- Country: United States
- Presented by: International Academy of Television Arts and Sciences
- First award: 2002
- Currently held by: Ryuichi Sakamoto: Last Days Japan (2025)
- Website: www.iemmys.tv

= International Emmy Award for Best Arts Programming =

Television award category

The International Emmy Award for Best Arts Programming is presented by the International Academy of Television Arts & Sciences (IATAS) to the best arts programs produced and initially aired outside the United States.

==Rules and Regulations==
According to the rules of the International Academy, arts programming is defined as a program dedicated to an art form or artist(s) (e.g., performance, art documentary, art series, or a combination thereof).

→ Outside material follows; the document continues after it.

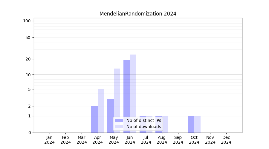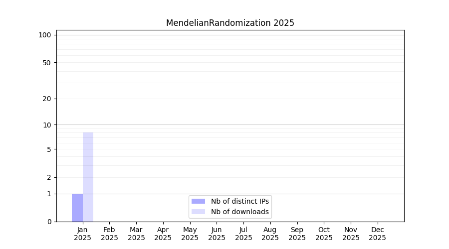 Number of downloads for annotation package MendelianRandomization, year by year, from 2025 back to 2014 (years with no downloads are omitted):

If the program is part of a continuous series of self-contained episodes (i.e., each episode has its own storyline and conclusion; or each episode may have a different director and/or producer; or the series has the potential to continue for multiple seasons), then each episode must be submitted as a separate entry.

If the program is a multi-part series with a finite number of episodes (with no further episodes planned), covering the same theme, two (2) episodes must be submitted to represent the series as a whole.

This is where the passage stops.